Because I don't really like "Ride." It didn't fit for one. The whole tape was a whole different thing. It was a thought I had when I was in my junior year, I wanted a fresh starting time to move on from that. It dropped like two years ago and I wrote it when I was sixteen. The video came out another 6 months after the song, so the song is old. Even though it's gaining traction, I wanted to come up out with a new feel and bear witness different things. I don't desire to waste songs on things that accept already been out, I wanted to come up with something fresh.

I already knew that wasn't my best. I really feel like the whole record is ameliorate than "Ride." I felt similar I didn't need to have it on there because I knew I had stuff that would do way better. It's a song that people bask, that people will yet jam but it doesn't have to exist on the album. Chase is its own thing.

It exists in its ain time menstruation.
And that's how it's going to be. I'k already working on new stuff right now.

You just dropped the album!
I know merely I don't just sit with stuff. Every 24-hour interval I'm experimenting, producing, and listening to beats. I have to practise something with music and if non, I'll feel like I didn't do something that day. Cause this is my life. But present I see artists drop stuff a lot. I put a lot of thought into my work and I'g always working but I don't actually dwell on what I already got.

Were you thinking college directly later high schoolhouse?
Nah, college is off. When I was thinking near college when I was younger it was audio engineering science and studio engineering. And back when information technology was all about hooping? Knuckles. Around my sophomore yr when I put it down that I was going to make music full-time, people said "What's your plan B if this doesn't piece of work?" I told them, "Information technology's going to work." And even if I'm not a big artist, I always desire to be around music, producing, writing, behind the scenes.

I experience similar that has to practise with my generation. With technology advancing, we become introduced to things far quicker than the ones that have come up before us. Back then, you had to be in the know. At present? We get to decide. Fifty-fifty though people get through hella phases where they want to be rappers merely now they're photographers, you're going through life figuring out what direction is for you. The passion's been there since I was a kid. I was probably the just fourth, fifth grader listening to Nas' Illmatic or It Was Written all day. Nobody else was listening to that.
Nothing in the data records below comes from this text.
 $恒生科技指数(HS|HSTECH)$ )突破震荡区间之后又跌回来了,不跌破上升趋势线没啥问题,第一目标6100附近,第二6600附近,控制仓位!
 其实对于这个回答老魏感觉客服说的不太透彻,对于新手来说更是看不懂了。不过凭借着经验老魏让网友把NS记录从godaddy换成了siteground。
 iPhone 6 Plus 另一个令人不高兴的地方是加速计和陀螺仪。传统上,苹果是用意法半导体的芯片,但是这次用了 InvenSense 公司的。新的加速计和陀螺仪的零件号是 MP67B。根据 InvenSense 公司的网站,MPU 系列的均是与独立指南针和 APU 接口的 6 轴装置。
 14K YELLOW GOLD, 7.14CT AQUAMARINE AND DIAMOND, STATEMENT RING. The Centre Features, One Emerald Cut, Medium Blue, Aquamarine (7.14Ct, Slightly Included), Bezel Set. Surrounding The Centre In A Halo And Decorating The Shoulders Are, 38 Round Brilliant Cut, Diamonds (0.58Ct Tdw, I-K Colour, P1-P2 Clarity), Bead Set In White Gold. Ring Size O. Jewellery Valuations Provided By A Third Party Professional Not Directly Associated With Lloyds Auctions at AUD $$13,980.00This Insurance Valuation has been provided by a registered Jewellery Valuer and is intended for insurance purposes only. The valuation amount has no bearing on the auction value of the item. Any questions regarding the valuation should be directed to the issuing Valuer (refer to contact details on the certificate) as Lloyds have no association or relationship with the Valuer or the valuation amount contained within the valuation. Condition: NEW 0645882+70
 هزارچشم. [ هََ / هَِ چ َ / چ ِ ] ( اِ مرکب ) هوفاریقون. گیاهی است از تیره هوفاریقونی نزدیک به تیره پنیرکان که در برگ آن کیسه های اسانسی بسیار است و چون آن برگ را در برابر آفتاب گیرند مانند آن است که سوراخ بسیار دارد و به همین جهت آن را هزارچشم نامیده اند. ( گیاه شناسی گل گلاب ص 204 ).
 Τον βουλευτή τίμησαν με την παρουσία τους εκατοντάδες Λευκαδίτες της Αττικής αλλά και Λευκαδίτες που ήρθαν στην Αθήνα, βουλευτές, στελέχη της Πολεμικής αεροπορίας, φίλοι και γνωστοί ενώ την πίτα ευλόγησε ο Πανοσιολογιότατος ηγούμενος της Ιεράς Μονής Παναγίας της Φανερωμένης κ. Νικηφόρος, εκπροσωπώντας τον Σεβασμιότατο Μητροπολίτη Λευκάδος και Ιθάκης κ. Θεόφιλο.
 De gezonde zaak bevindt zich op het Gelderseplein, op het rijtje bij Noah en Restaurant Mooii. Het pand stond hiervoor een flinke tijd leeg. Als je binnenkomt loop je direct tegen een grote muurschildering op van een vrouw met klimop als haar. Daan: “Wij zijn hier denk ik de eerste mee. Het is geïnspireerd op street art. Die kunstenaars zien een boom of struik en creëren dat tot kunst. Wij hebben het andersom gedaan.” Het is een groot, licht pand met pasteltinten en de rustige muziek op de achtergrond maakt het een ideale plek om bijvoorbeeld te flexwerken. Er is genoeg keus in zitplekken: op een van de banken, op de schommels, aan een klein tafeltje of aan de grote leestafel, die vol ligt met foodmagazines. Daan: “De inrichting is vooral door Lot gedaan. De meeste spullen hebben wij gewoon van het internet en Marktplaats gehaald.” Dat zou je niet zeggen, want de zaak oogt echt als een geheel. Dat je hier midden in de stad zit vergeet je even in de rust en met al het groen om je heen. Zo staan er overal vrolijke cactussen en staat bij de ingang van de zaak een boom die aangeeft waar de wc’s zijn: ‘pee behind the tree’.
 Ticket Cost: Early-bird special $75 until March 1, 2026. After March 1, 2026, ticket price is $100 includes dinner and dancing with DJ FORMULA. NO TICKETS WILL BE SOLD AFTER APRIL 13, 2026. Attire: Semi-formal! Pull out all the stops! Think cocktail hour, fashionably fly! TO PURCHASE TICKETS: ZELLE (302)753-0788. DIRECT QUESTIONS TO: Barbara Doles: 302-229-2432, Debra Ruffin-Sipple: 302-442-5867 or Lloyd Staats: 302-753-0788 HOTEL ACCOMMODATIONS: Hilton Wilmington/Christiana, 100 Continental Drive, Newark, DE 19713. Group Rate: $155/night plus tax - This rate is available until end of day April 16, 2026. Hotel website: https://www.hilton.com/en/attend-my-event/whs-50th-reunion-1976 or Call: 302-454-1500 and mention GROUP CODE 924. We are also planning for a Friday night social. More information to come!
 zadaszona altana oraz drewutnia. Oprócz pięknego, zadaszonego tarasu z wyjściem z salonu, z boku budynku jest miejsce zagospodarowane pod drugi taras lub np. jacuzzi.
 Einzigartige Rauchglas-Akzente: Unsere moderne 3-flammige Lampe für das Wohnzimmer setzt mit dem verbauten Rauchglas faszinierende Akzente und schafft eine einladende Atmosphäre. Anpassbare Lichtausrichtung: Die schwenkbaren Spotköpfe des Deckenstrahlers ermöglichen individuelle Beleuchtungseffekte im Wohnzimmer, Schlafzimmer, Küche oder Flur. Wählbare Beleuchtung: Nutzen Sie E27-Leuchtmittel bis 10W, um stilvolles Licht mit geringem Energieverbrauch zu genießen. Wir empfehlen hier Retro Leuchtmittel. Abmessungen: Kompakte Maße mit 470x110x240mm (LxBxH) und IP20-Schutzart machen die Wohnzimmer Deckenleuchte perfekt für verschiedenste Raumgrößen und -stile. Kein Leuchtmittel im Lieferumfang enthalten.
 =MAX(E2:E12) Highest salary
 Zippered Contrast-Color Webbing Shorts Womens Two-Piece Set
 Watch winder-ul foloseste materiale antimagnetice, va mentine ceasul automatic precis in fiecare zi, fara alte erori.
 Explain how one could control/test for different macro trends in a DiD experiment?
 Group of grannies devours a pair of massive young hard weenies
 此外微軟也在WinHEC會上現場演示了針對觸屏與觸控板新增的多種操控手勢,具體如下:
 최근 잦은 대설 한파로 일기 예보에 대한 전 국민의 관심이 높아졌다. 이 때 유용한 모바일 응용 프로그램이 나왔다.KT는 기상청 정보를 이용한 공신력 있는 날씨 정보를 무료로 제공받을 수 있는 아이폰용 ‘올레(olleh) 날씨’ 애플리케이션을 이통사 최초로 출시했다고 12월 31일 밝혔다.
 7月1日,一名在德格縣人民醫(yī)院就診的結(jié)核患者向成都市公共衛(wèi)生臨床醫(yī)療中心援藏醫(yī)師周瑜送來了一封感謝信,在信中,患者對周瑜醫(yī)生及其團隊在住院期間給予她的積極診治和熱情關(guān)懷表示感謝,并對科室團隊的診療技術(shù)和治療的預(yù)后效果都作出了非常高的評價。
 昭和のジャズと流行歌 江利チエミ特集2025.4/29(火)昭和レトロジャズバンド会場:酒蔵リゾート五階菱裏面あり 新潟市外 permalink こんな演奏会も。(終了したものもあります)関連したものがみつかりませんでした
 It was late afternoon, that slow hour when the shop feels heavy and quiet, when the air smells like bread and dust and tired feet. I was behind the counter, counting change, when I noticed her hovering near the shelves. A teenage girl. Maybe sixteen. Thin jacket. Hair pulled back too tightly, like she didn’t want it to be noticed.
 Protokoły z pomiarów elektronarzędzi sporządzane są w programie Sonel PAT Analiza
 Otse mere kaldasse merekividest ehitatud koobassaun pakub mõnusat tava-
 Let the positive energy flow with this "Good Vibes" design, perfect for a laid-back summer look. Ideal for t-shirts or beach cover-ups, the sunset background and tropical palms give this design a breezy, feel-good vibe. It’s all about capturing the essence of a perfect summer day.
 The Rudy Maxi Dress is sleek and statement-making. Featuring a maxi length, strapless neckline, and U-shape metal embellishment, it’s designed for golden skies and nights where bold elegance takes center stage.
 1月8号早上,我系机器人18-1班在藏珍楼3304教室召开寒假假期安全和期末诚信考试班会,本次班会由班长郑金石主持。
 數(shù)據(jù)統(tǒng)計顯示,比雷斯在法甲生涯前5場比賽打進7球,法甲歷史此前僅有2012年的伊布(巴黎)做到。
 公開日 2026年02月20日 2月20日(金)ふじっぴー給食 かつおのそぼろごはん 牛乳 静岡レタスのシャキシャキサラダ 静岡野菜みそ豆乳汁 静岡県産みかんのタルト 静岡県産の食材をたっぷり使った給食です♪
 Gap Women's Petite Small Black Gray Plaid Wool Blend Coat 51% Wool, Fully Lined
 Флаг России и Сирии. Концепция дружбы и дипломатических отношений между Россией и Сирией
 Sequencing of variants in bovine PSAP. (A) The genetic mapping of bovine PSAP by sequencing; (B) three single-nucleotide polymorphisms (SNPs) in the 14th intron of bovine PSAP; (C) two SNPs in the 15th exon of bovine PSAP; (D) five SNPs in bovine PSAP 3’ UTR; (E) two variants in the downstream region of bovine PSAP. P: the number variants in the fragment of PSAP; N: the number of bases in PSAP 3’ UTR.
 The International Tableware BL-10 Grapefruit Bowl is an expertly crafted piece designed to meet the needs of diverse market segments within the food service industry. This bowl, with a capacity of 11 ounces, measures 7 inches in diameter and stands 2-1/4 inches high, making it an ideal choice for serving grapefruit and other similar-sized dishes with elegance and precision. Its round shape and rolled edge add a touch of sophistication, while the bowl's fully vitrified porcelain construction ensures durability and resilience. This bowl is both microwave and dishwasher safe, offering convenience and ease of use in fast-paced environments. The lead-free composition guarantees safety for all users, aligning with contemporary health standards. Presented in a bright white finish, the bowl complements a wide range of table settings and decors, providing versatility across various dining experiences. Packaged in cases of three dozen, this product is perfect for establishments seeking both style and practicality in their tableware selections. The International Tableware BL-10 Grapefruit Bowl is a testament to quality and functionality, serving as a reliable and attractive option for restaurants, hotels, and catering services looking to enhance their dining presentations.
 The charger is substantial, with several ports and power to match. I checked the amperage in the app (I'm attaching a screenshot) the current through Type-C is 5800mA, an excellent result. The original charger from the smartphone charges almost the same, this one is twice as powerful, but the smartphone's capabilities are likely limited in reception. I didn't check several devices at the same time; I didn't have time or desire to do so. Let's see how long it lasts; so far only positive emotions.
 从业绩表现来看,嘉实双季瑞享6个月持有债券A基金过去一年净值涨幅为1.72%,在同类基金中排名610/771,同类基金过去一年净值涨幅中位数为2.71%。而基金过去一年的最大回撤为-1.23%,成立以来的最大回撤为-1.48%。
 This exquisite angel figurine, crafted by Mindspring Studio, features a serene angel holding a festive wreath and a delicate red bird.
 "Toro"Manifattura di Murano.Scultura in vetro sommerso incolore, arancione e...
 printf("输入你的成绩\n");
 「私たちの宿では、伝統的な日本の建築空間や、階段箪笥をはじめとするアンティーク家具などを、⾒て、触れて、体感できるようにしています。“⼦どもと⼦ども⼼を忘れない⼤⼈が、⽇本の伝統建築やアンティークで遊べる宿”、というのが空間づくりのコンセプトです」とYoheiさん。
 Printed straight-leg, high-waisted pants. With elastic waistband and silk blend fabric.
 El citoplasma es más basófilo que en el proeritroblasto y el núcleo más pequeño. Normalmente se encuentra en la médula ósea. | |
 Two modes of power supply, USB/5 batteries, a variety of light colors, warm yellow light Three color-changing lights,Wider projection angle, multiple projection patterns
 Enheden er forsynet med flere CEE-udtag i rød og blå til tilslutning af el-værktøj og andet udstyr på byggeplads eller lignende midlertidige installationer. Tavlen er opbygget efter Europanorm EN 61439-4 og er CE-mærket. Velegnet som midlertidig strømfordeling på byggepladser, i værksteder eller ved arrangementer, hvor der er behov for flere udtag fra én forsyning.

That was effectually 2009 or 2010?
Yeah, around that aforementioned time I was listening to former Eminem. Every rapper, every bodily rapper is a fan of Eminem.  He'll always be a great lyricist. Everybody will have a misconception about me that I listen to Cole and Kendrick all the fourth dimension but really I'thousand listening to Fundamental Glock and Principal Keef, having whole donkey shows to "Faneto." To me as a human, music is music. Music when information technology was first discovered? It was nearly vibrations, it made you feel something.